Ronald Martin, Robert Patterson and Mark Martin sit at a whites-only lunch counter in Greensboro, North Carolina, on February 2, 1960. A day earlier, four African-American college students made history when they sat at the same Woolsworth's counter. Service never came for the "Greensboro Four," as they came to be known, and their peaceful demonstration drew national attention and sparked more sit-ins in Southern cities.

People protest outside a Woolsworth's in Pittsburgh.

Dion Diamond is harassed during a sit-in at the Cherrydale Drug Fair in Arlington, Virginia. He was part of a small group called the Non-Violent Action Group. Some people threw lit cigarettes at group members, while others kicked them. The two-week protests in June 1960 led to the integration of restaurants in Arlington. Restaurants soon followed in nearby Alexandria and Fairfax.

Activists would often undergo tolerance training to prepare themselves for what they might encounter during a sit-in.
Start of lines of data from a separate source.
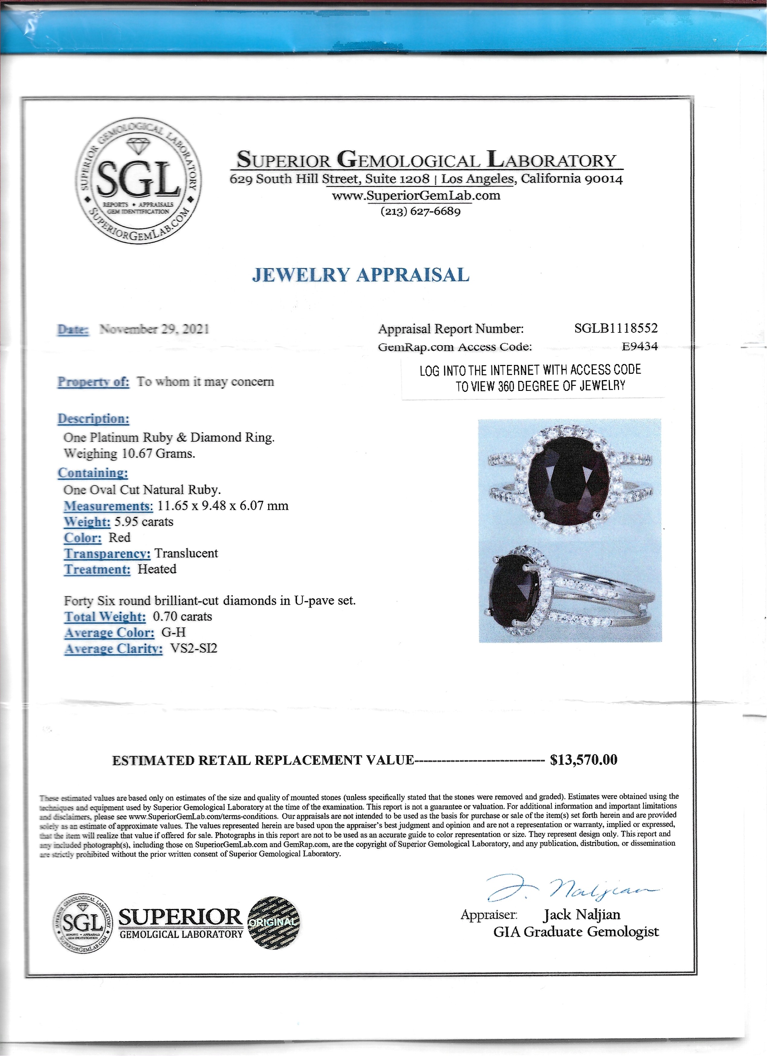 Certificate of Appraisal: Prepared by SGL (Superior Gemological Laboratory) and provided by the consignor
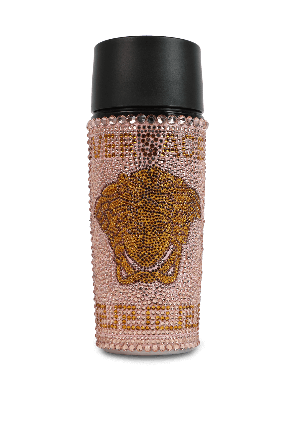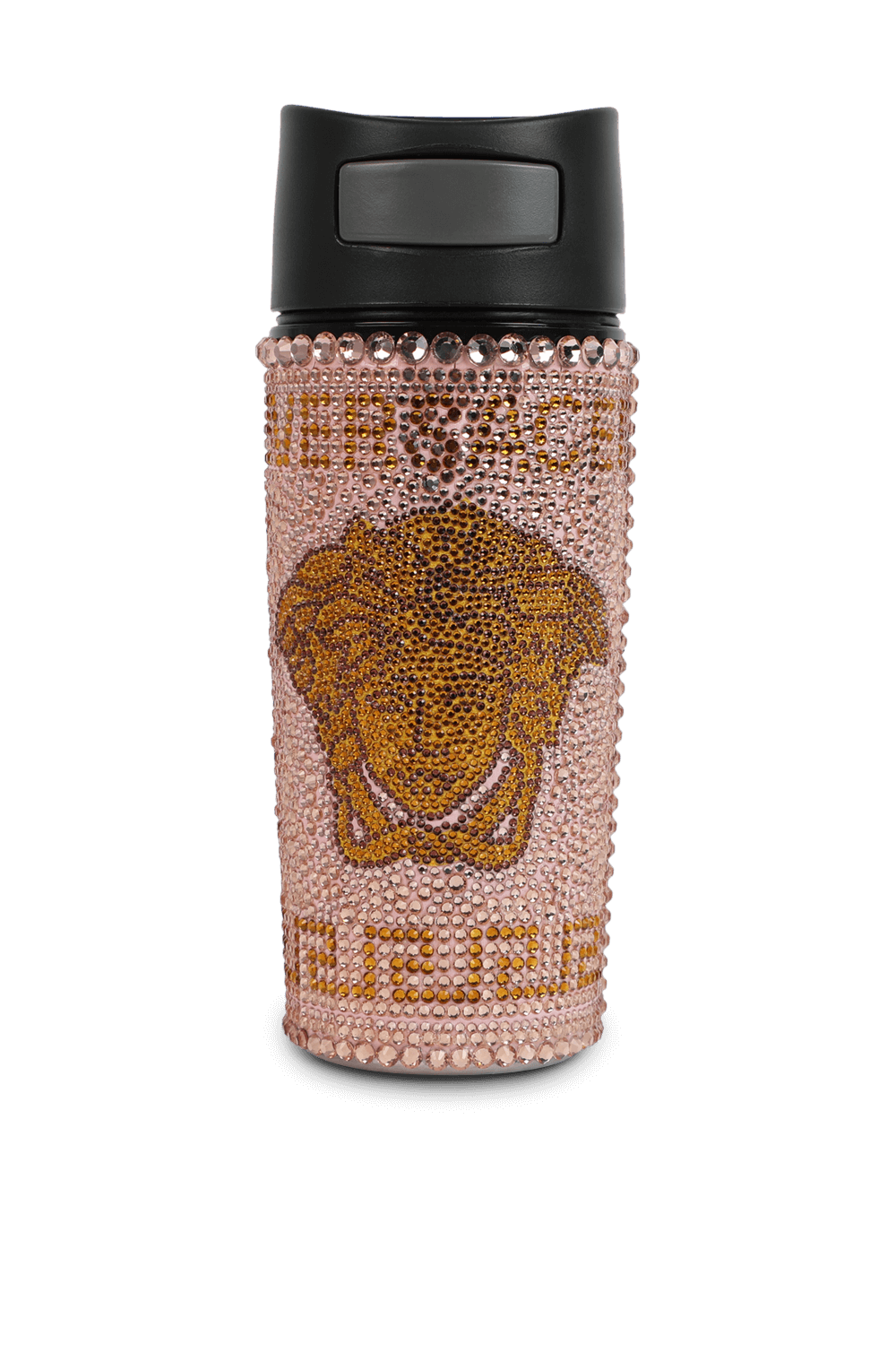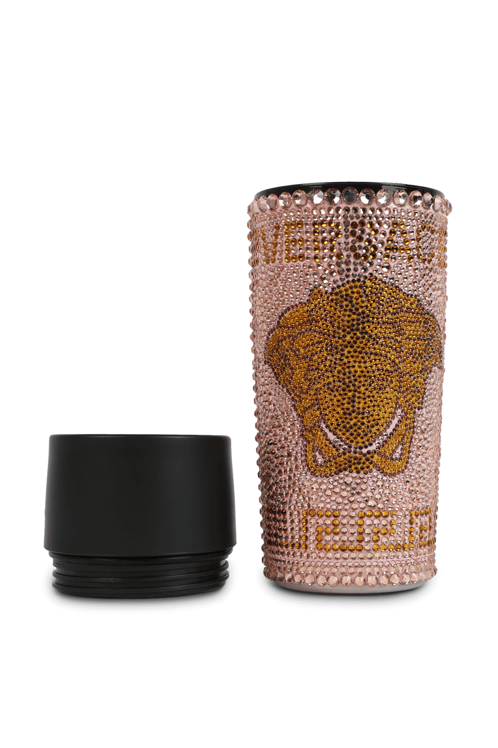 כוס תרמית רב-פעמית מבית אופנת העל Versace. פריט זה עשוי מ-100% אלומיניום איכותי ומותאם למשקאות חמים. הכוס מעוטרת בקריסטלים ורודים אול-אובר לצד דמות ראש המדוזה המזוהה עם המותג ושם המותג המתנוססים בחזית בקריסטלים זהובים.
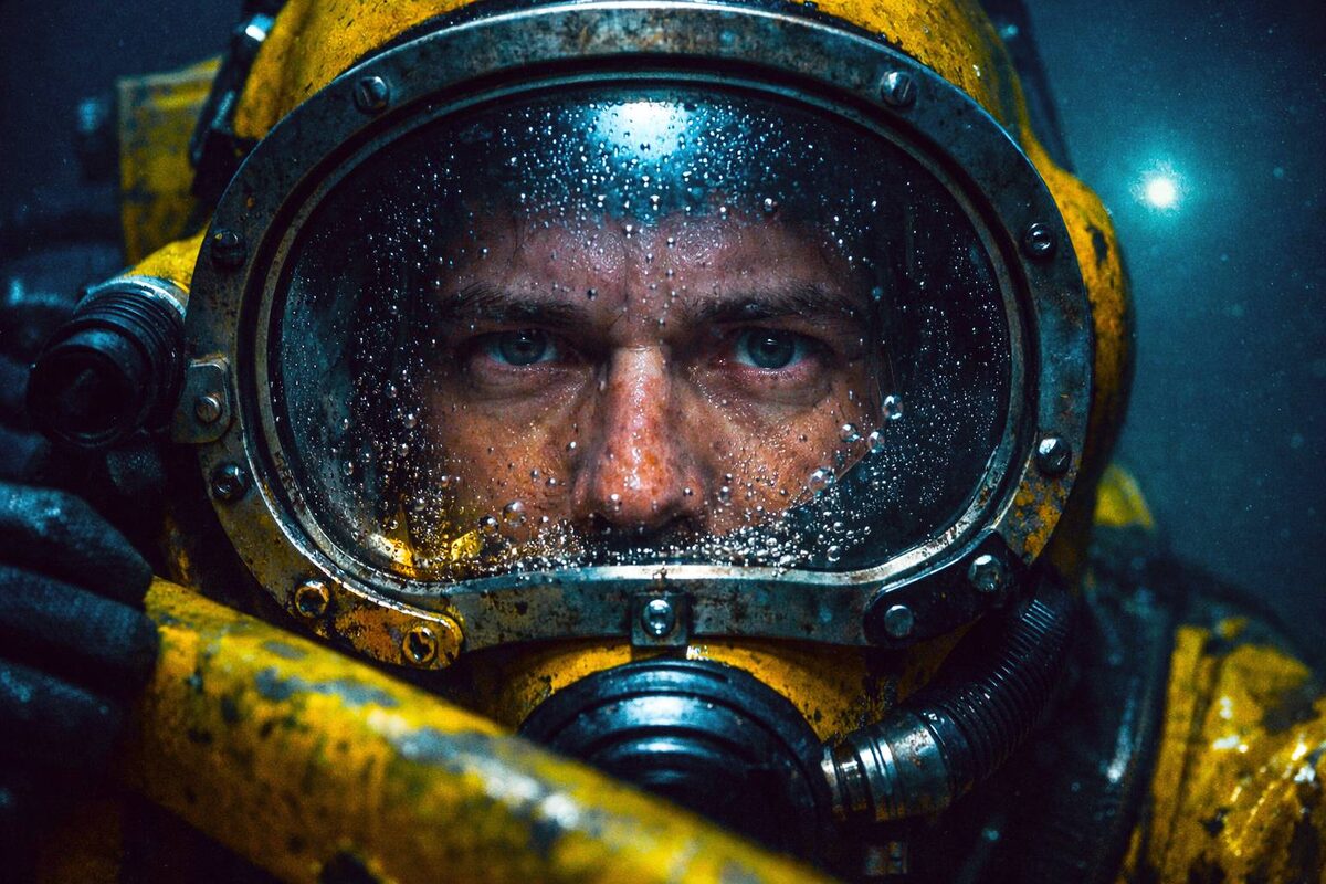 Темнота на дне Северного моря — это не просто отсутствие света. Лемонс не различал собственную руку перед лицом шлема. Огромная ярко-жёлтая конструкция, двадцать метров в длину, могла быть в двух шагах от него, а могла быть в ста. Или в другой стороне. Без фонаря, без ориентиров, без голоса в наушнике он был потерян так же, как человек, выброшенный в открытый космос.
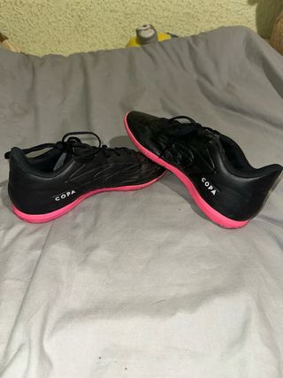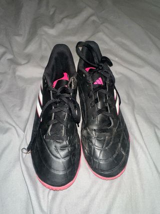 Zapatillas deportivas Adidas Copa con un diseño moderno y llamativo. - Exterior en color negro. - Detalles en color rosa vibrante. - Marca Adidas visible en el lateral.
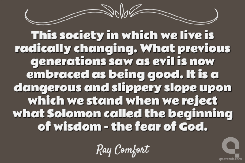 This society in which we live is radically changing. What previous generations saw as evil is now embraced as being good. It is a dangerous and slippery slope upon which we stand when we reject what Solomon called the beginning of wisdom - the fear of God.
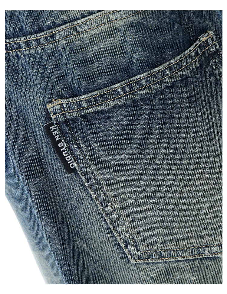 Quần jean nữ dáng thẳng, chất liệu nỉ lót lông, kiểu Mỹ cổ điển, giặt mài, mùa thu đông KEN STUDIO2025, quần ống rộng, dáng suông
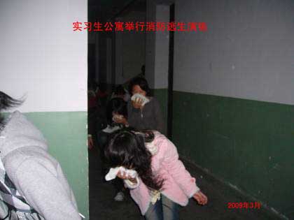 根據(jù)教育廳學校安全辦公室頒發(fā)的《關(guān)于認真做好春季開學初學校安全工作的通知》和轉(zhuǎn)發(fā)福建省人民政府安全生產(chǎn)委員會辦公室《關(guān)于認真汲取近期火災事故教訓進一步加強冬季防火工作的通知》以及國務院安全生產(chǎn)委員會辦公室的文件精神。在學院領導高度重視下,2009年3月3日與10日由保衛(wèi)處牽頭,在輔導員和公寓管理員的協(xié)助下,組織西洪、麥園兩處實習生住宿點舉行兩場消防逃生演練和滅火器使用現(xiàn)場講解活動。逃生演練過程以實戰(zhàn)出發(fā),模擬白天和夜間(斷電)情況下發(fā)生火災,學生如何按照指定線路快速逃生,并強調(diào)逃生時一定切記攜帶濕毛巾用其捂住嘴巴并彎腰跑步快速離開火場,確保安全;同時還現(xiàn)場詳細講解滅火器的使用方法和逃生演練過程存在問題及注意事項。共有300多人參加演練。通過模擬演練提高了學生的自我保護和安全防范意識,達到了預期的目的。
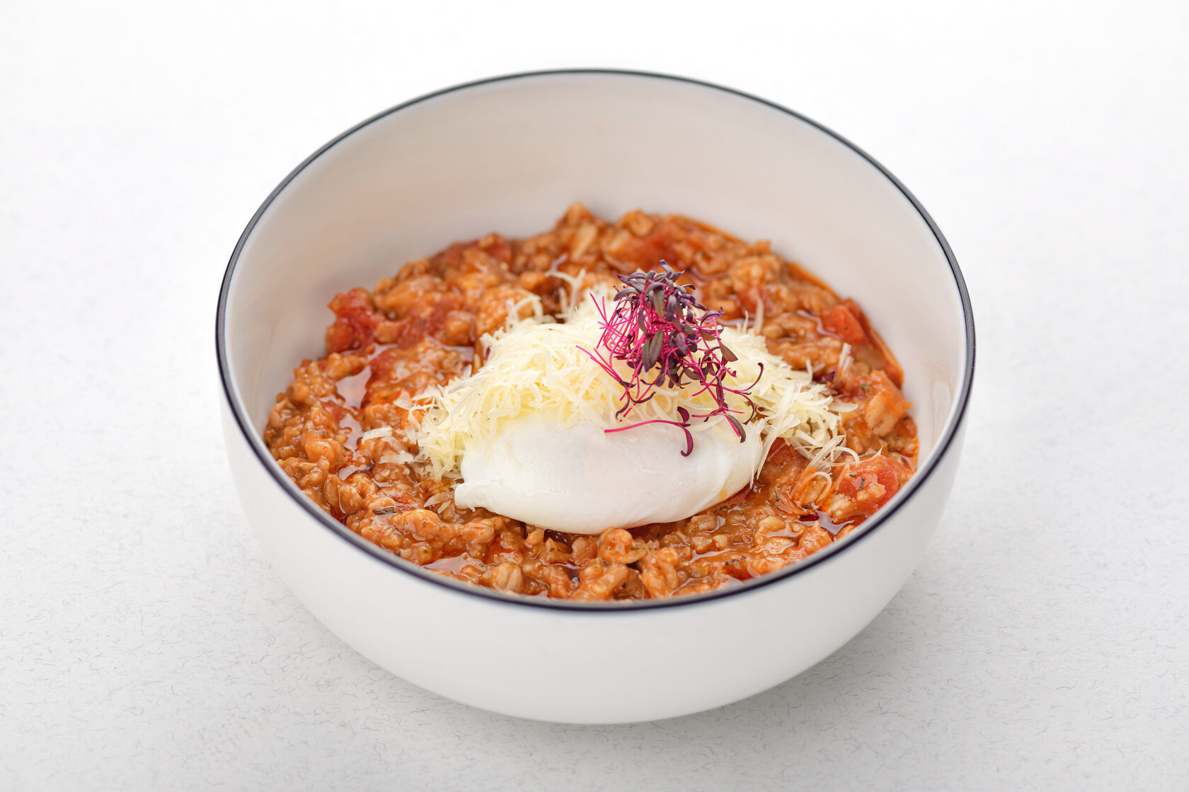 Сочетает в себе нежную текстуру овсяных хлопьев и насыщенный вкус томатного соуса. Ароматные помидоры конкасе добавляют свежести и яркости, а свежий соус песто придает блюду изысканный оттенок базилика и орехов. Каждый кусочек тает во рту благодаря утонченному сыру Пармезан Dolce. Завершает это великолепие микрозелень, придающая блюду не только аппетитный вид, но и дополнительную питательность.
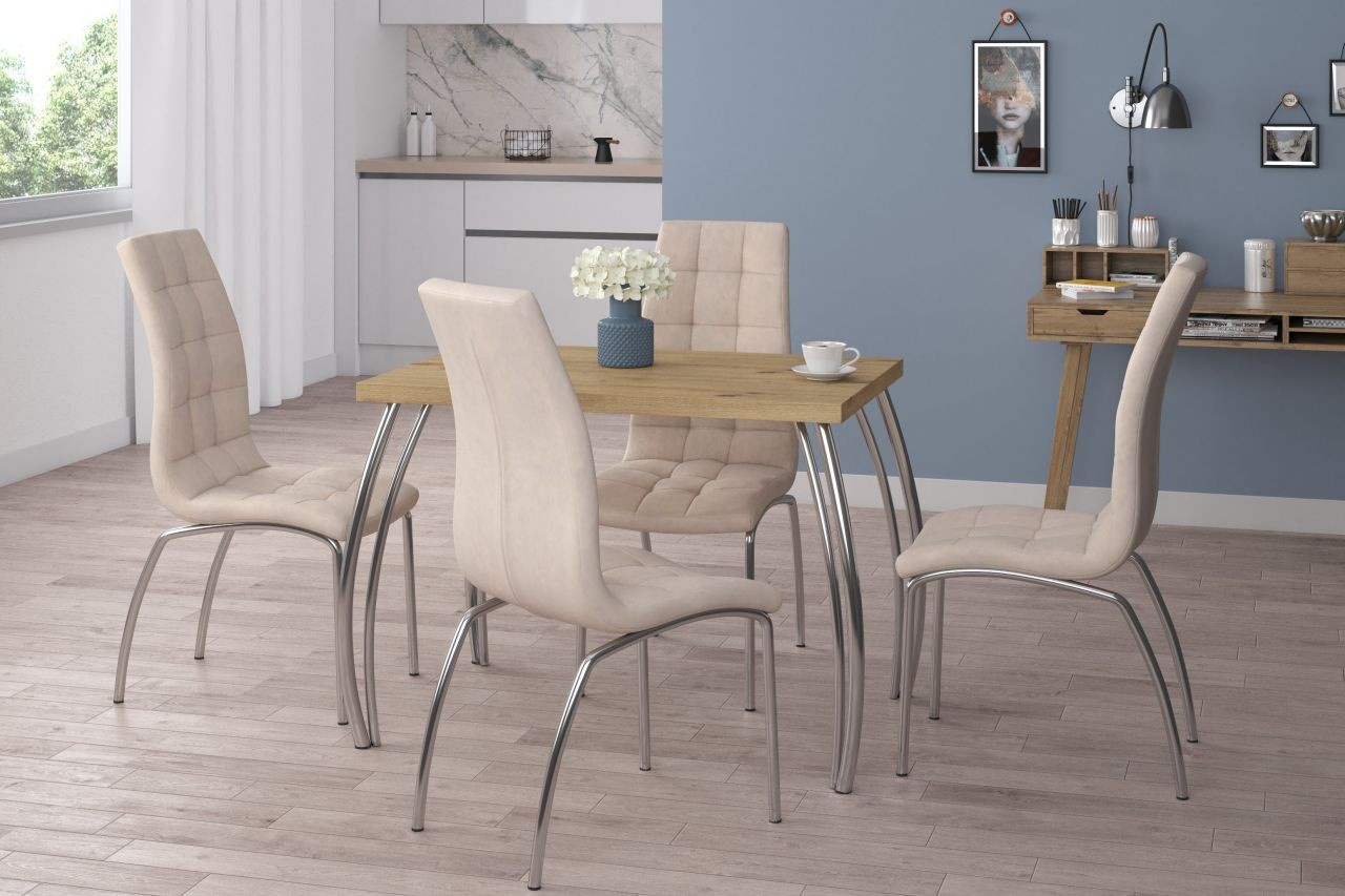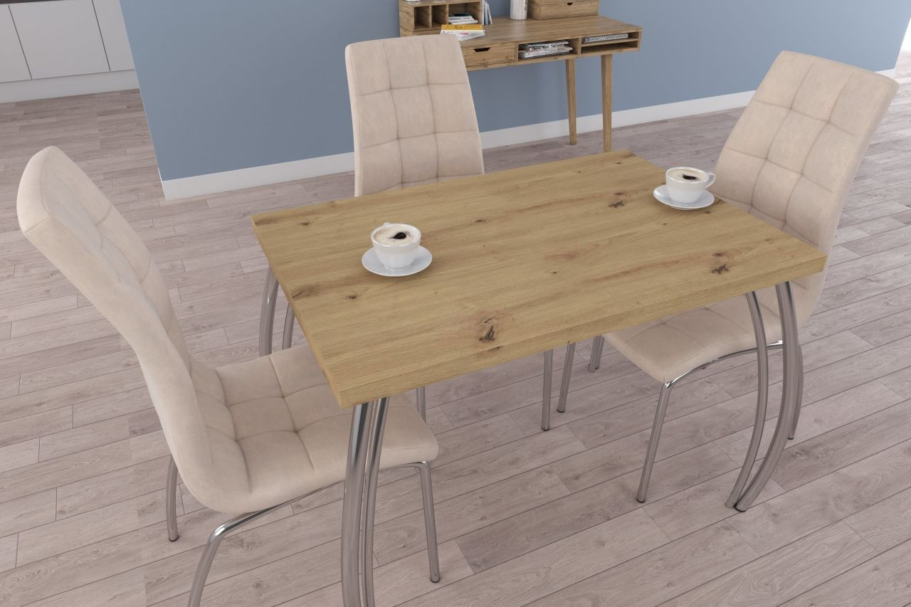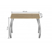 Méretek: - hosszúság: 101 cm - szélesség: 67 cm - magasság: 76 cm - lap vastagsága: 3,8 cm Anyag: - lap: laminált lap - lap szélei: ABS műanyaggal lezárva - lábak: krómozott acél Szín: - lap: artisan tölgy - lábak: króm
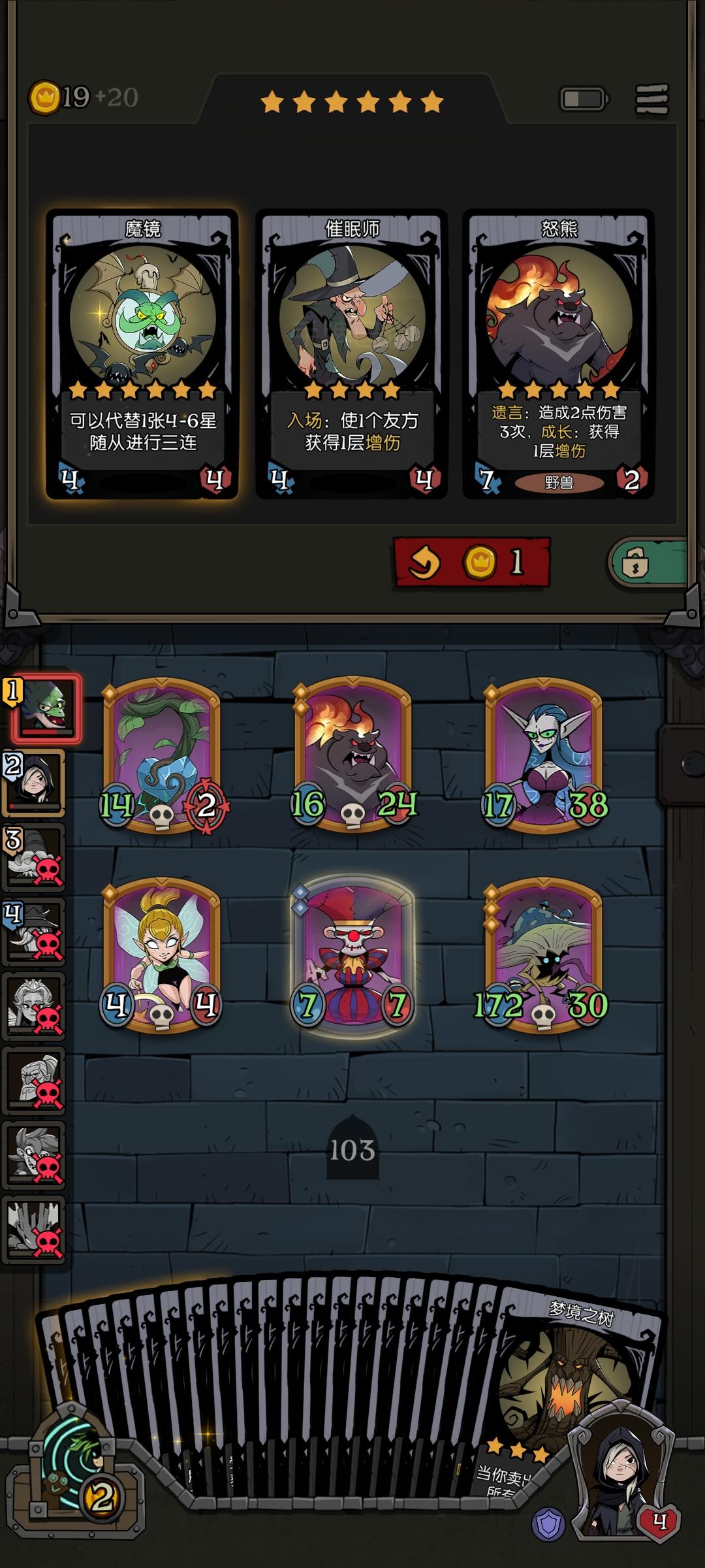 很长时间没有玩过月圆之夜了,这几天刚好又回归老本行。阵容一般,主要也没遇到啥牌,自己乱凑的。原本来想拿黑玫瑰,风之石该给蜥蜴的,前面给沼泽,后面忘了。这也算属于气功流吧。#攻略#游戏安利#游戏推荐#游戏讨论
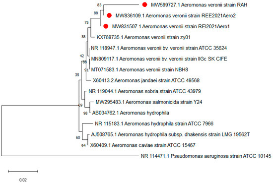 PCR amplification of the 16S rRNA gene was performed for all recovered A. veronii isolates. The retrieved A. veronii strains displayed congruence in their phenotypic features. Consequently, the PCR products of three isolates (chosen at random) were subjected to direct sequencing in both directions following purification using a PureLink PCR-Product purification kit (Thermo-Fisher Scientific, Bremen, Germany). The obtained sequences were placed in the GenBank with accession numbers MW831507, MW836109, and MW599727. Multiple alignments were performed on the obtained sequences. The phylogenetic tree was established according to the neighbor-joining approach with 1000 bootstrap resampling using MEGA X software [31,32].
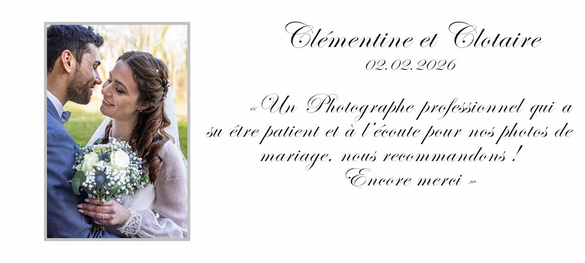 Oui, je prends le temps de visiter chacun des lieux où se déroulera votre mariage : lieu de culte et mairie pour les cérémonies, parc ou espaces extérieurs pour les séances photos, ainsi que le lieu de réception pour le vin d’honneur et les festivités.

Here, NAACP student adviser David Gunter, left, and Leroy Hill blow smoke into the face of Virginius Thornton.

Trainers in Petersburg, Virginia, use newspapers to swat volunteers in the head and prepare them for harassment they might encounter during a sit-in.

Students wait in vain at a Greensboro Woolsworth's in April 1960.

Woolworth's temporarily closed a store in Atlanta after Harold Sprayberry sprayed insect repellant above the heads of nearly 100 sit-in protesters in October 1960. He was arrested, and the store reopened about an hour later.

People poured sugar, ketchup and mustard over the heads of Tougaloo College students who were conducting a sit-in at a Woolsworth's in Jackson, Mississippi, in May 1963. Sitting at the counter, from left, are Tougaloo professor John Salter and students Joan Trumpauer and Anne Moody.

A police officer in Birmingham, Alabama, frisks a demonstrator after an attempted sit-in on April 15, 1963.

Protesters fill a jail cell in Raleigh, North Carolina, in 1963. A year later, the Civil Rights Act outlawed discrimination in public places and facilities and banned discrimination based on race, gender, religion or national origin.